Small sprites - Favour fragment time over vertex time?

I would like to hear peoples experience with optimizing for GLSL, particularly when it comes to particles/sprites.

Can any performance be gained by saving OpenGL some vertex-processing (using 3 less vertices per sprite).

Are point-sprites considerably faster than quads?


I need to make a lot of sprites of small size (64 pixels) and I can choose between making them as QUADS or POINTS (i.e. point sprites). Only bad part is that I need to interpolate some data over the sprites (not texture-coordinates - a variable I use for an effect. The value-range is derived from a 32-bit texture which designates “range-categories”, E.g. 0==> 0…1, 1==>2…3).

Now, I can:

  1. Use point-sprites which makes the texture-coordinates the only varying entity over the fragment, but hardwired to have the range 0…1. I must do something like:
uniform baseX, stepX;
uniform baseY, stepY;

baseX = ...
baseY = ...
stepX = ...
stepY = ...

uniform baseX, stepX;
uniform baseY, stepY;

  i = baseX + gl_TexCoord0.s * stepX;
  j = baseY + multiTexCoord0.t * stepY;

This approach saves me three texture-lookups (and some data-movement with my vertex-buffers) in the vertex shader but has the penalty of 128 extra multiplications in the fragment shader (per sprite that is).

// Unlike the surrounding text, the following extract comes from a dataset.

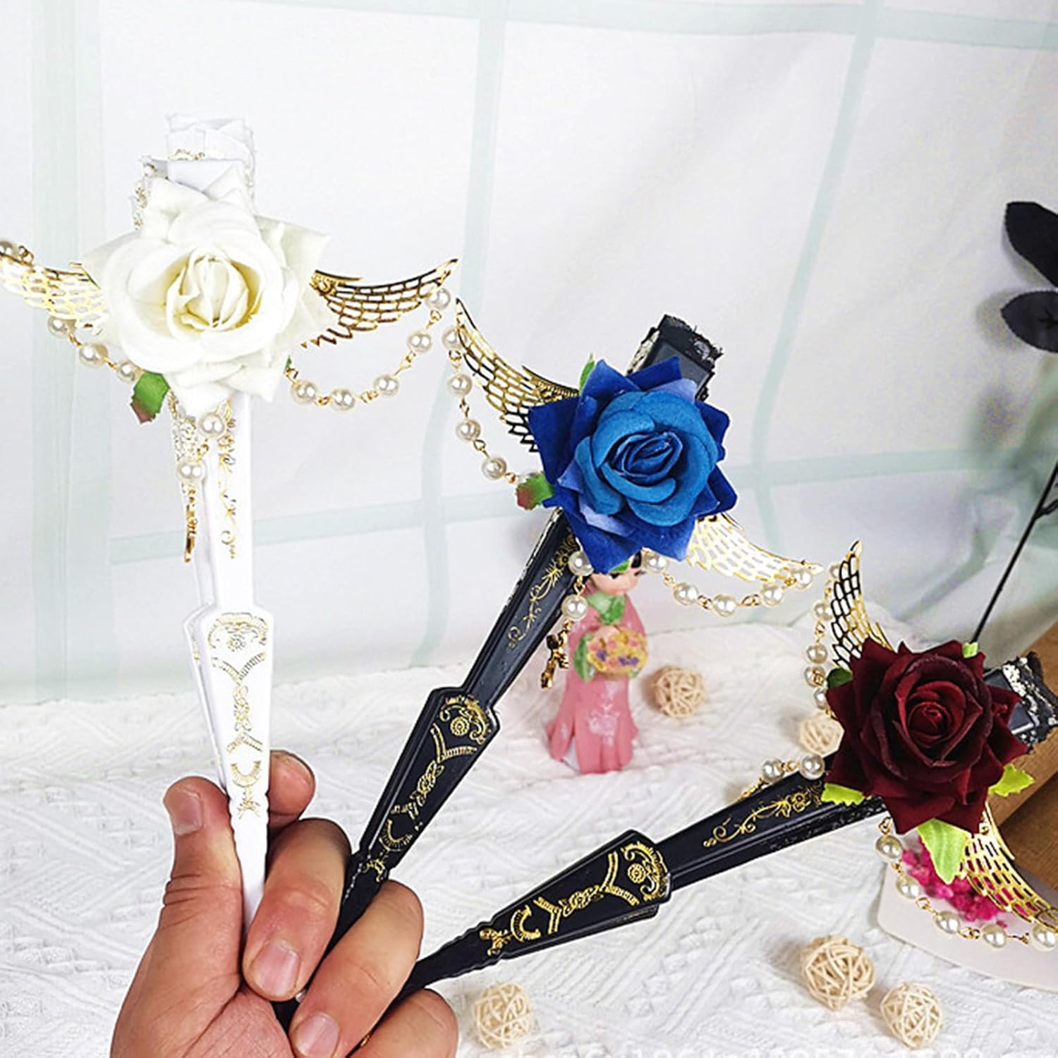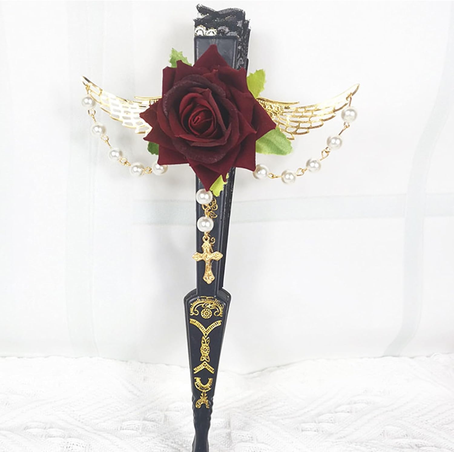 Molitple occasioni, il fan del vestito di Fancys è ideale per Halloween, feste speakeasys anni '20, cosplay di Capodanno, feste in maschera, feste di ballo, feste di tè, burlesque, spettacoli di varietà e qualsiasi altra occasione. Buone costruzioni, ventaglio palmare con ali di rosa, anelli in metallo. Facile da aprire e chiudere. Facile da trasportare, il ventilatore gotico lolitas è facile da piegare e trasportare. Meraviglioso, meraviglioso speciale per amici e familiari. Progettato, fiore di rosa ala 3D progettato, moda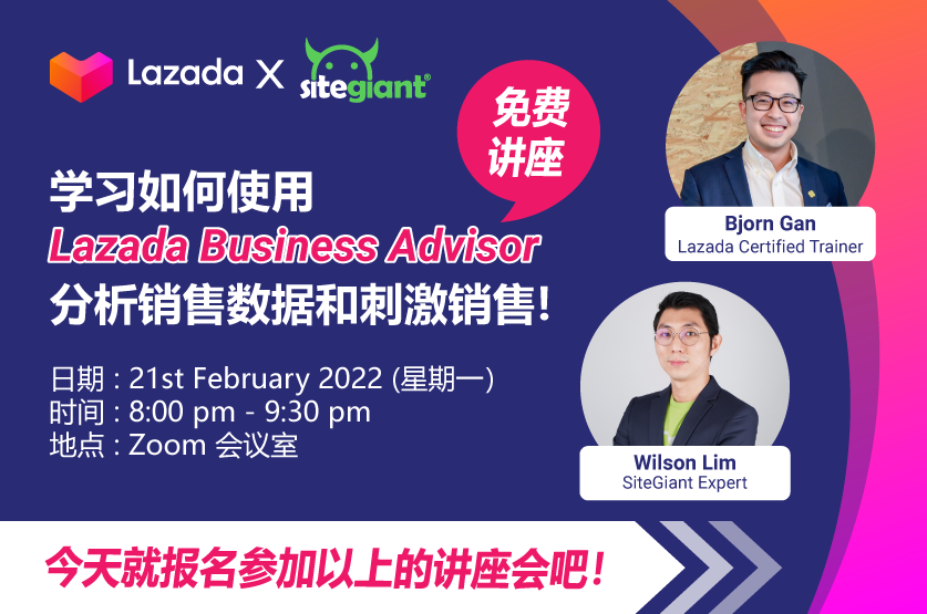 想要提升Lazada的业绩,却不懂得从何下手?来报名参加这个由 Lazada Certified Trainer, Bjorn Gan 与 SiteGiant Expert, Wilson Lim 所举办的分享会,学习如何使用Lazada Business Advisor 分析销售数据和刺激销售!

  1. Use quads and have GL automatically interpolate:

// figure out which corner we're in: 0,1,2,3
// Use gl_TexCoord for interpolation
if (corner == 0) {
  gl_TexCoord[0].s = ...
  gl_TexCoord[0].t = ...
else if (corner == 1) {

  i = gl_TexCoord0.s;
  j = multiTexCoord0.t;

This approach makes the fragment shader minimal but adds extra texture-lookups in the vertex shader (even worse, the texture-lookups will yield the same value for each lookup)

What is your experience when it comes to texture-lookups versus multiplications?

Any thoughts appreciated.
-Rene Jensen

I don’t get it - where are you using vertex shader texture lookups?

In the setup of baseN/stepN. Anyway I recently realized that you can only sample from a narrow range of texture-formats in the vertex shader, and none of them are suitable.

Ok, in short, this is a particle thing, and I need to upload as little data as possible. The best scheme I have come up is to use 32 bits per particle for X/Y location plus other parameters that determine it’s visual apperance

My solution is to use VBOs and glTexCoordPointer. Two 16bit (X,Y component) words are then used in the setup of the particle like this:

float Q1=gl_MultiTexCoord0.x
float Q2=gl_MultiTexCoord0.y
// Now we have 32 bits of data. Extract the various bitfields from them and setup the sprite for the fragment program

But I still have to do some extra calculations in the fragment program:

float X = scaleX * gl_TexCoord[0].s + offsetX
// .. rather than just using a texture coordinate prefabricated in the vertex shader:
float X = gl_TexCoord[0].s

If I calculate the range of texture-coordinates in the vertex shader, I have to use GL_QUADS instead of GL_POINTS and transfer 4 times as many data to the graphics memory. That is probably even worse as I feel bandwidth should be saved as far as possible.

So I take my chances and bet that the fragment shader can handle the small overhead of a multiply and add without becoming the real bottleneck.

well that depends on how big your particles are going to be - if the viewer is going to get close to them then you’re going to pay the price.

No larger than 8x8

I wish I could measure speed properly in linux, sigh :frowning:

This topic was automatically closed 183 days after the last reply. New replies are no longer allowed.